§ **WORK ITEM**
Reproduce, exactly and only, the lines of the data that follows from the one containing "Parti Otobüsünden inerek" down to the one containing "袋帯 逸品 うさぎ 鳥 金彩 ぼかし 薄小豆 お太鼓柄 正絹 中古", without pictures.
····················
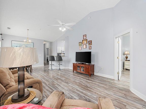 This charming 3 bedroom, 2 bath condo features a screened-in porch, vaulted ceilings, and is conveniently located near the airport, shopping centers, and the beach. You'll love the privacy of being in an end unit on the third story with plenty of natural light pouring in through the windows. The serene community park includes picnic tables with covered seating and a charcoal grill. Don't miss out on this amazing opportunity to own a beautiful and spacious condo in an unbeatable location. Schedule your showing today before it's gone!
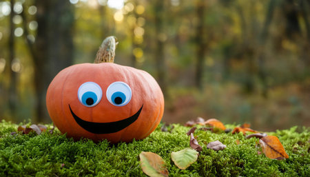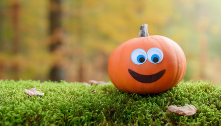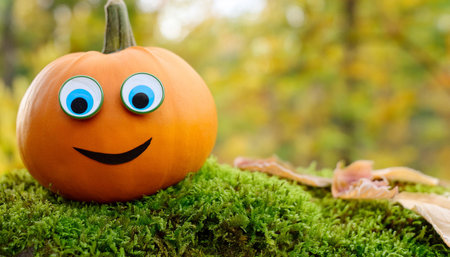 A single pumpkin with a painted smiley face and large googly eyes rests on a bed of green moss in front of a blurred background of autumn foliage. The pumpkin is bright orange and the background is a muted yellow.
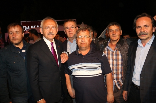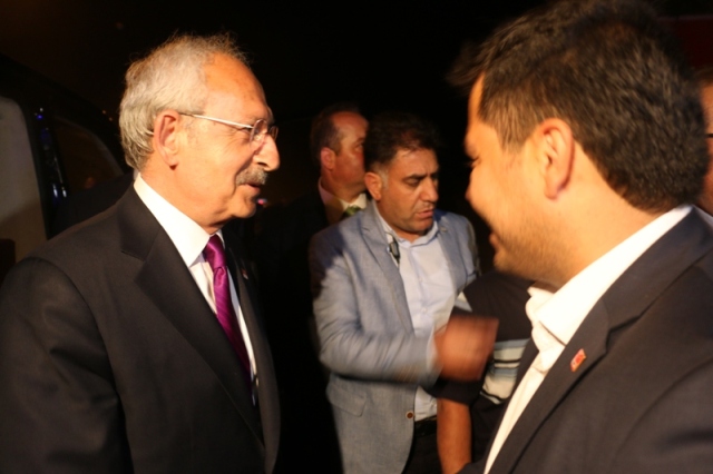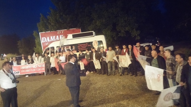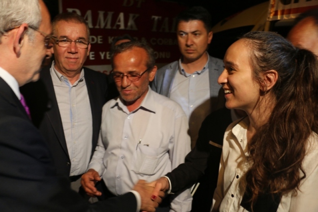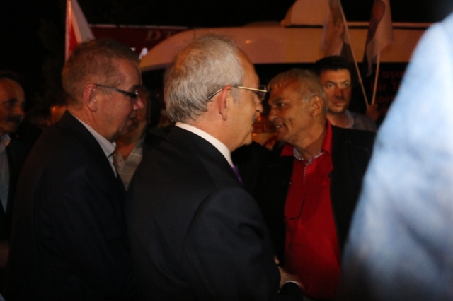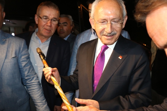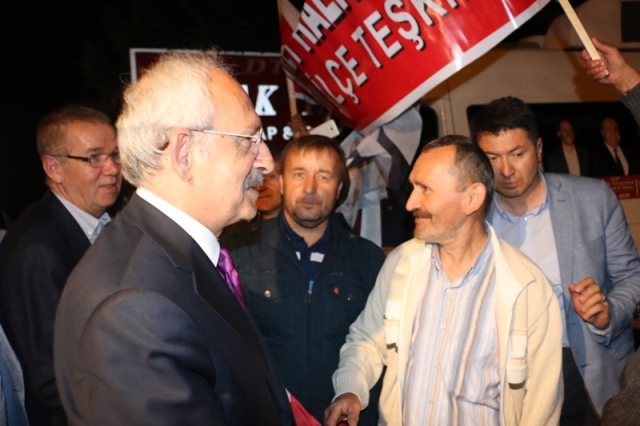 Parti Otobüsünden inerek partililerle tek tek tokalaşan Kılıçdaroğlu, İlçe başkanı Cem Oktay’ı tebrik ederek, başarılı çalışmalarının devamını diledi . İlçe başkanı Cem Oktay ise Genel Başkan Sayın Kılıçdaroğlu’nu partisinin ilçedeki seçim çalışmaları hakkında bilgi verdi ve yöremizin simgesi Baston hediye etti.
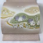 袋帯 逸品 うさぎ 鳥 金彩 ぼかし 薄小豆 お太鼓柄 正絹 中古
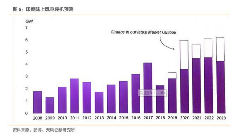 印度將于2017年首次對(duì)陸上風(fēng)能進(jìn)行拍賣。引入拍賣旨在完成2022年60GW陸上風(fēng)電的裝機(jī)目標(biāo),但現(xiàn)在來看很難達(dá)成。風(fēng)能拍賣的認(rèn)購不足,到2019年只有2.9GW被認(rèn)購。并且,在拍賣后,如果中標(biāo)者想要在古吉拉特邦簽署PPA,會(huì)要求匹配最低的出價(jià)。另外,印度也面臨招標(biāo)政策、土地使用以及電網(wǎng)問題,整體裝機(jī)量縮水8GW。
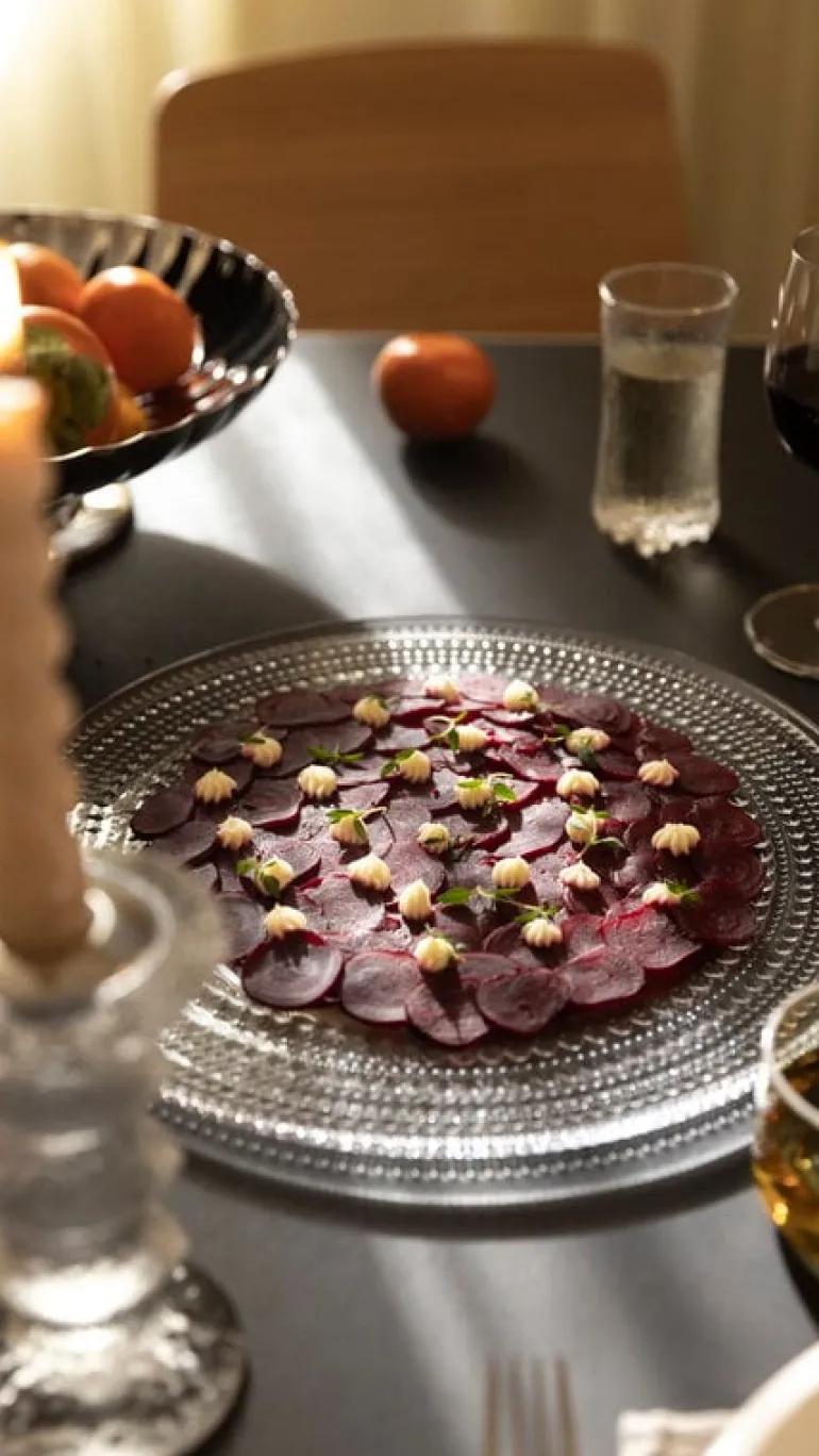In 1964 Oiva Toikka’s aim was to design a pattern that would conceal the joint marks in pressed glass. The result was Kastehelmi, Finnish for dewdrop, that features delicate glass droplets arranged in a series of rings. Kastehelmi became one of Toikka’s most beloved series of glassware and it was manufactured until 1988. The most popular items were brought back into Iittala’s production in 2010. Kastehelmi plays with light in the most beautiful way and suits any table setting.
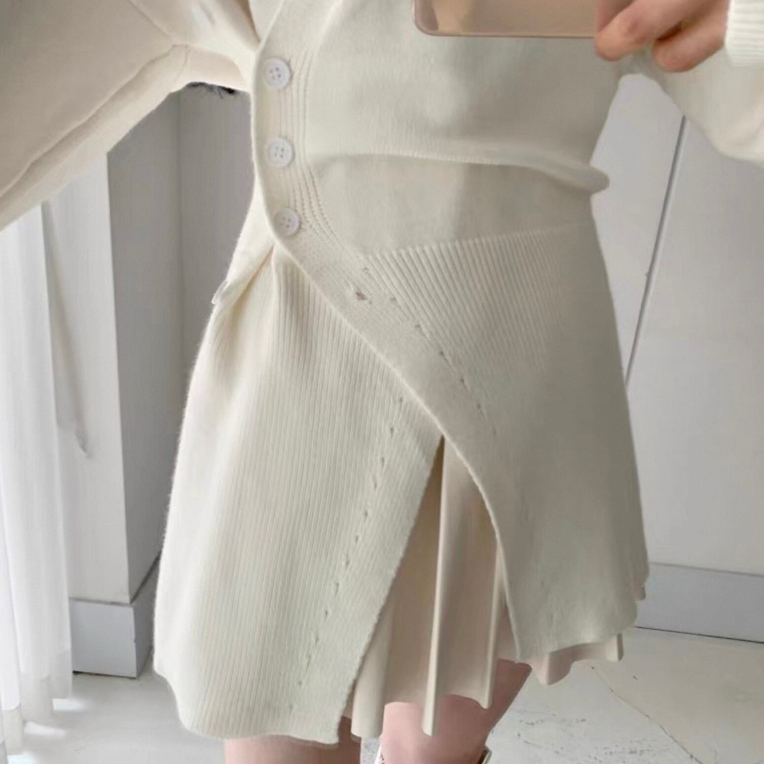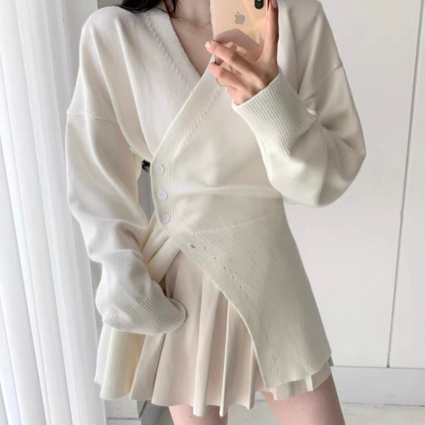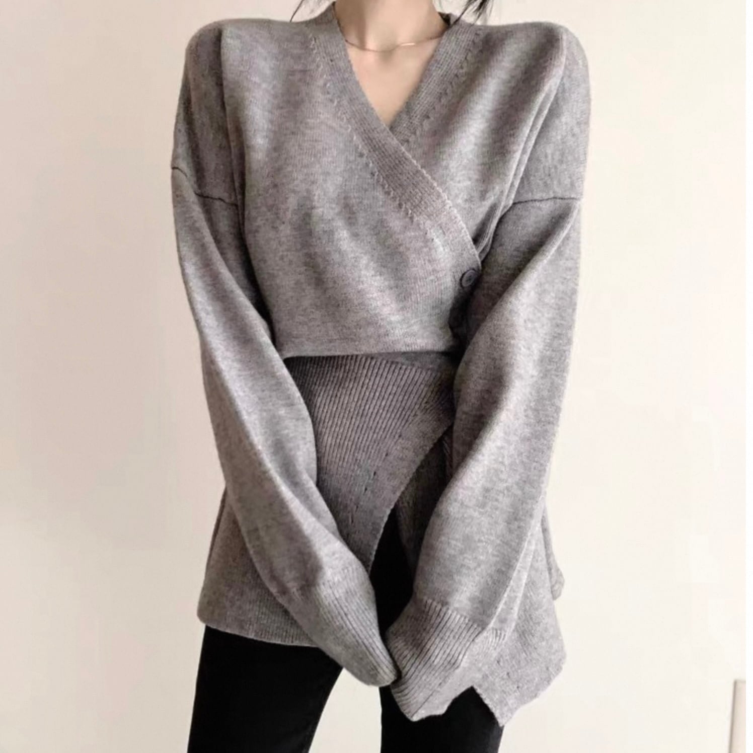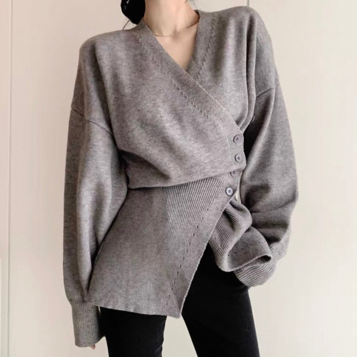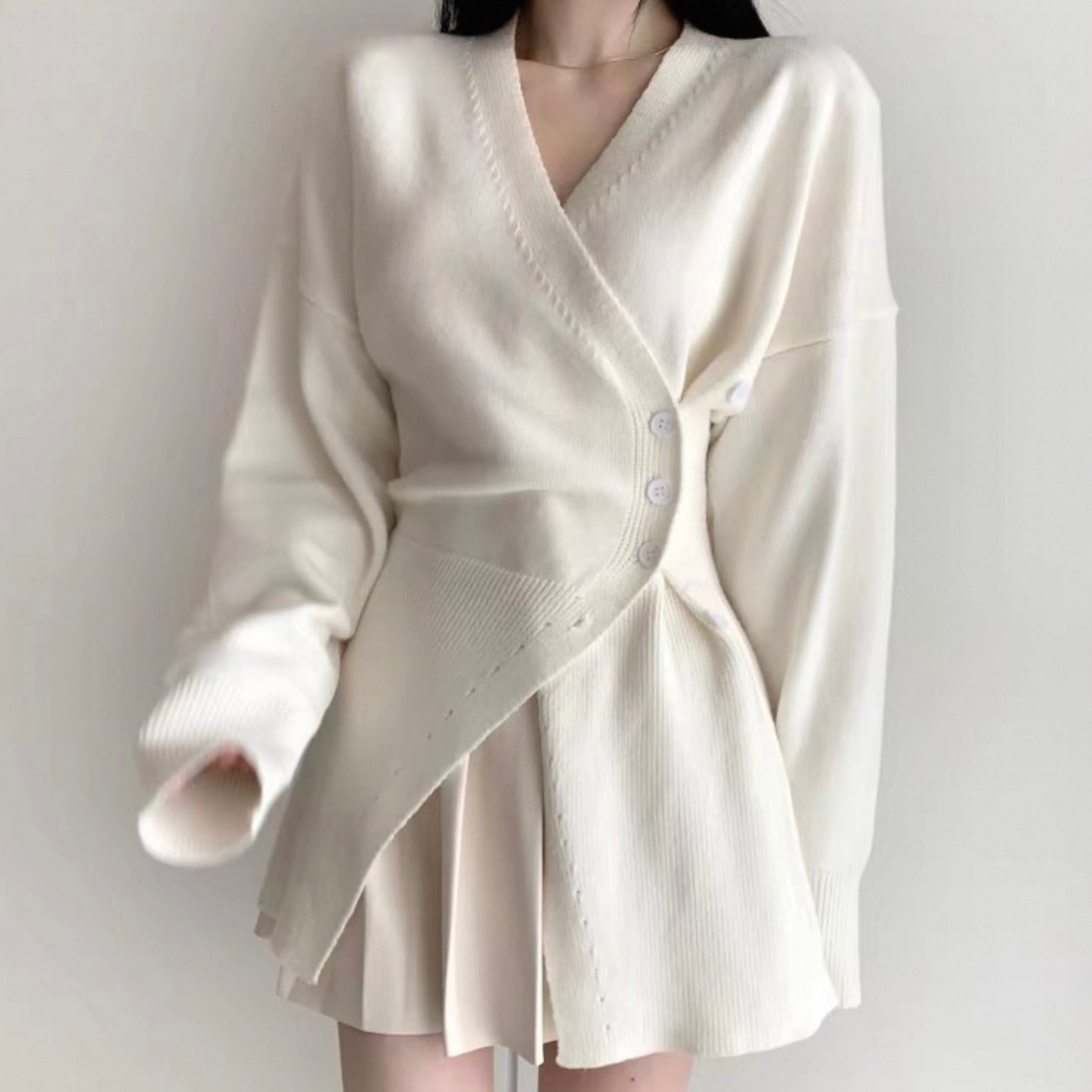 【outer】Vネックアシンメトリーニットカーディガン2色 HK0304
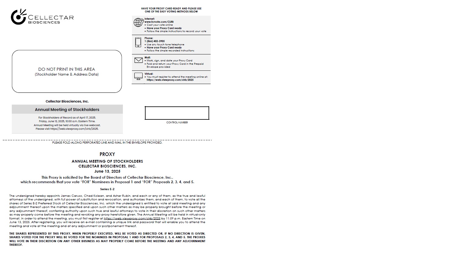 The 2025 Annual Meeting of Stockholders (the “Annual Meeting”) of Cellectar Biosciences, Inc. (the “Company”) will be held on Friday, June 13, 2025, at 10:00 A.M., local time, virtually over the internet. You will be able to attend the Annual Meeting, vote your shares electronically and submit your questions online by visiting https://web.viewproxy.com/clrb/2025 and entering the 11-digit control number included in the notice containing instructions on how to access Annual Meeting materials, your proxy card, or the voting instructions that accompanied the proxy materials. We will hold the Annual Meeting for the following purposes:
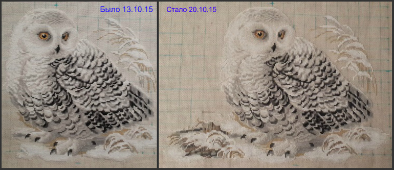 Привет, рукодельницы. Результаты у всех потрясающие, картины оживают прям. У меня неделька выдалась какая-то суетная и времени на совушку было мало((( умудрилась накосячить в счете крестиков, вот думаю теперь, распускать кусты ли нет))))
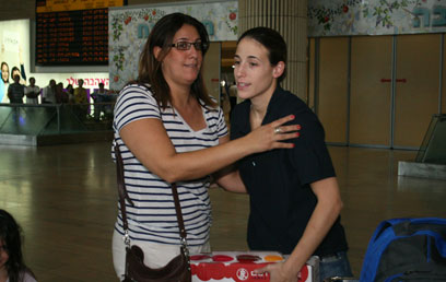 אריאנה רבי, אשתו של המאמן אלי, מקבלת את דורון בנתב"ג (אורן אהרוני)
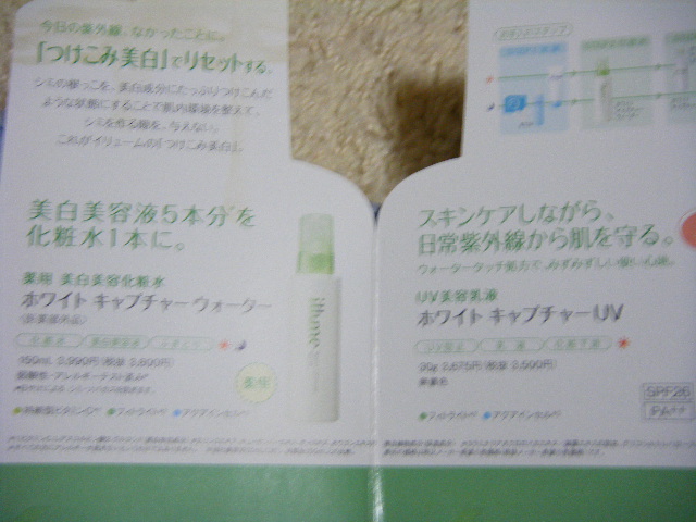 <紫外線対策> これは、サンプルでいただいたので試してみたんですが・・・。 美白美容液5本分を化粧水1本に、というキャチコピーにやられました!!つけこみ美白っていうのも、新しい感じがしますし。 薬用だし、低刺激。しかも、あまりこってりしてなくて、使いやすい!でも、リッチな使用感です。 乾燥肌〜普通肌の人むきかな?と思います。
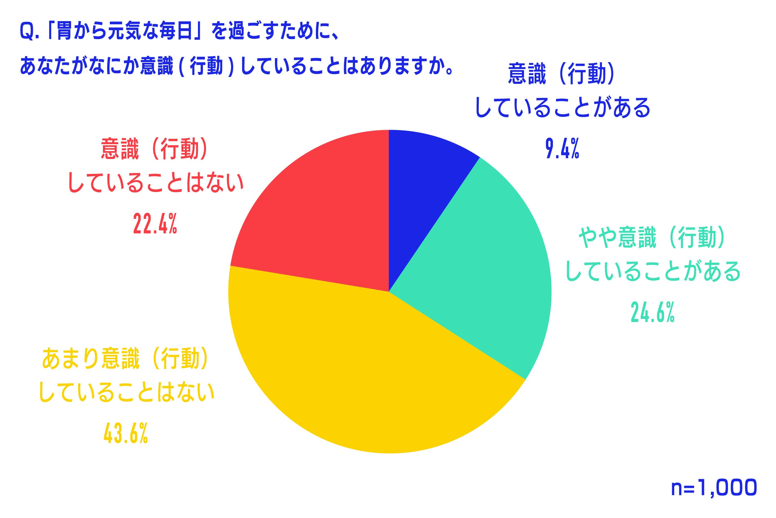胃のために意識(行動)していることについて聞いたところ、「意識(行動)していることはない」は22.4%、「あまり意識(行動)していることはない」は43.6%で、合計すると66.0%でした。
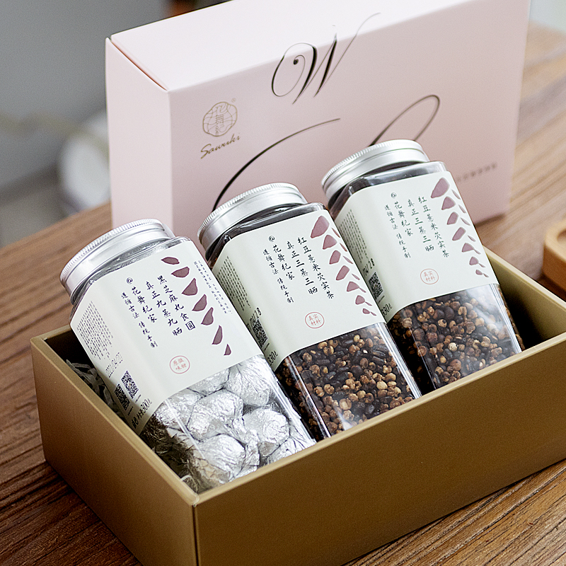 (Flower Dance Jijia)Nine steamed nine tanned sesame balls gift box with red beans and barley tea Crocus rose gift box
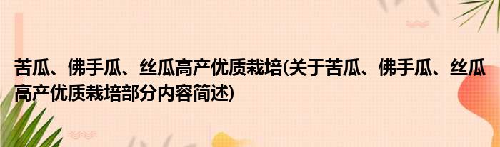 苦瓜、佛手瓜、丝瓜高产优质栽培(关于苦瓜、佛手瓜、丝瓜高产优质栽培部分内容简述)
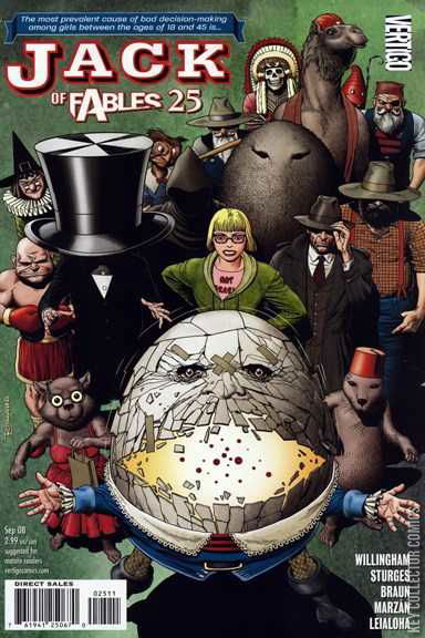 "Turning Pages" part 1! An egg will explode and a little blue pig will pontificate on weighty matters while wearing a brassiere on his head! Just another typical chapter in the life of Jack of The Tales. In this issue, however, we learn a bit more about the lovely young librarian Robin Page.
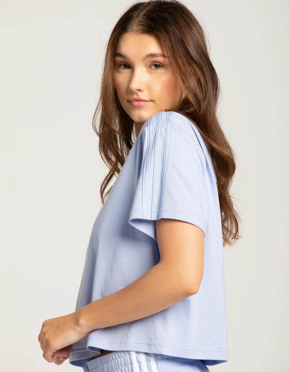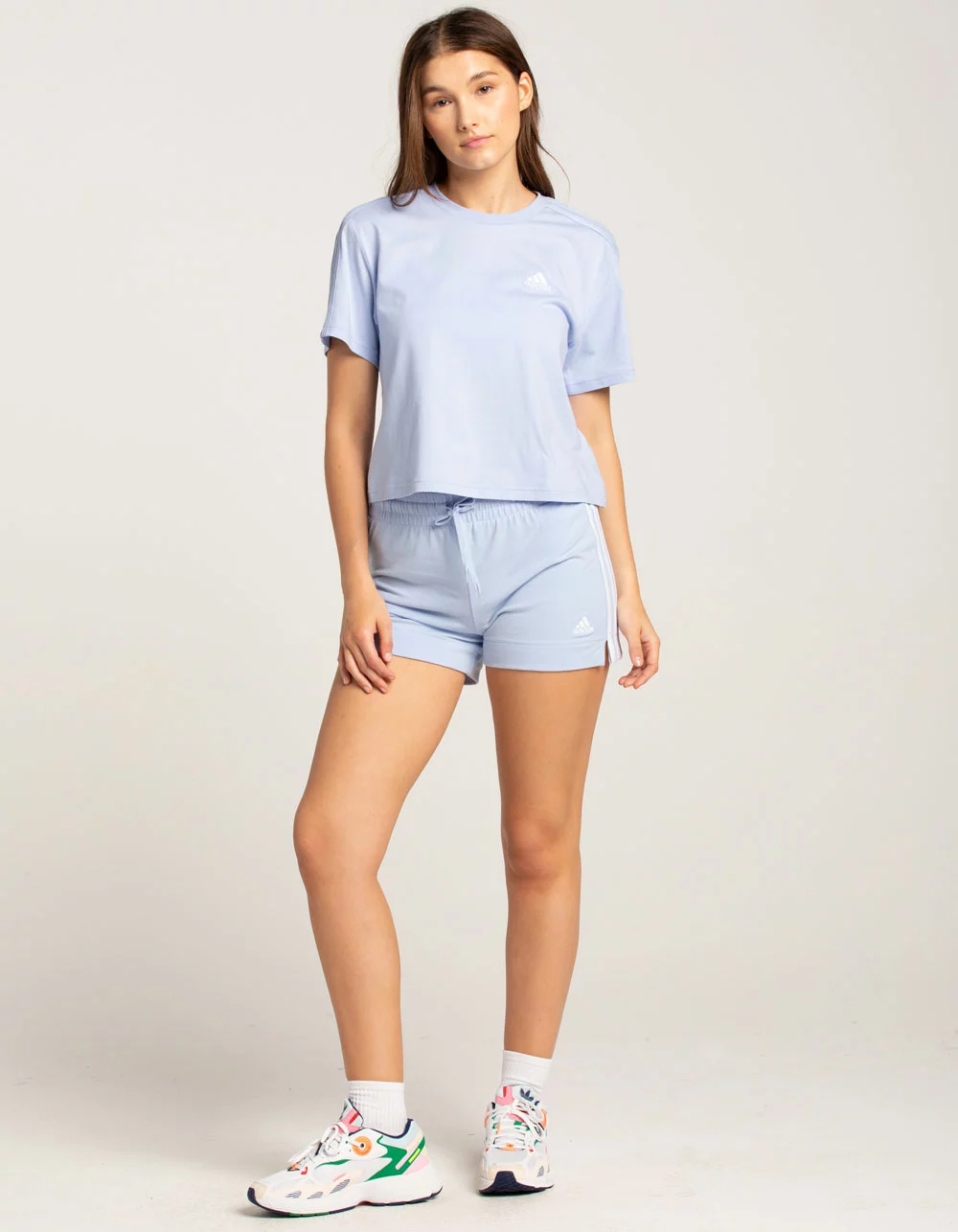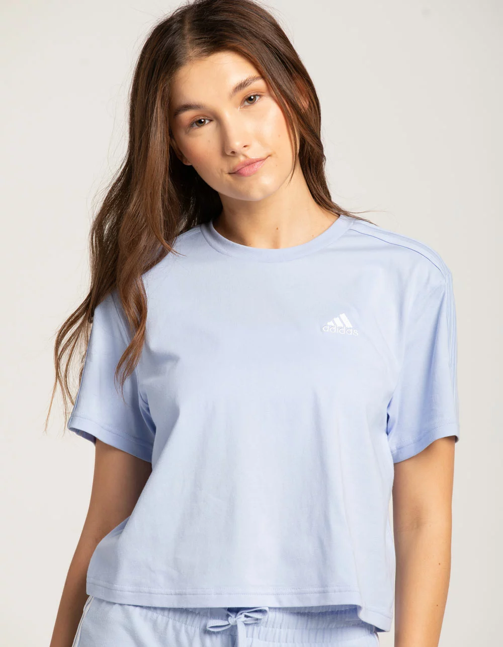 adidas Essential 3-Stripe Crop Tee. adidas logo embroidered on left chest. Crewneck. Short sleeves featuring 3-stripe detailing. Boxy and cropped fit. 100% Cotton. Machine wash. Imported.
····················
§ **FINISHED TASK**
 Parti Otobüsünden inerek partililerle tek tek tokalaşan Kılıçdaroğlu, İlçe başkanı Cem Oktay’ı tebrik ederek, başarılı çalışmalarının devamını diledi . İlçe başkanı Cem Oktay ise Genel Başkan Sayın Kılıçdaroğlu’nu partisinin ilçedeki seçim çalışmaları hakkında bilgi verdi ve yöremizin simgesi Baston hediye etti.
 袋帯 逸品 うさぎ 鳥 金彩 ぼかし 薄小豆 お太鼓柄 正絹 中古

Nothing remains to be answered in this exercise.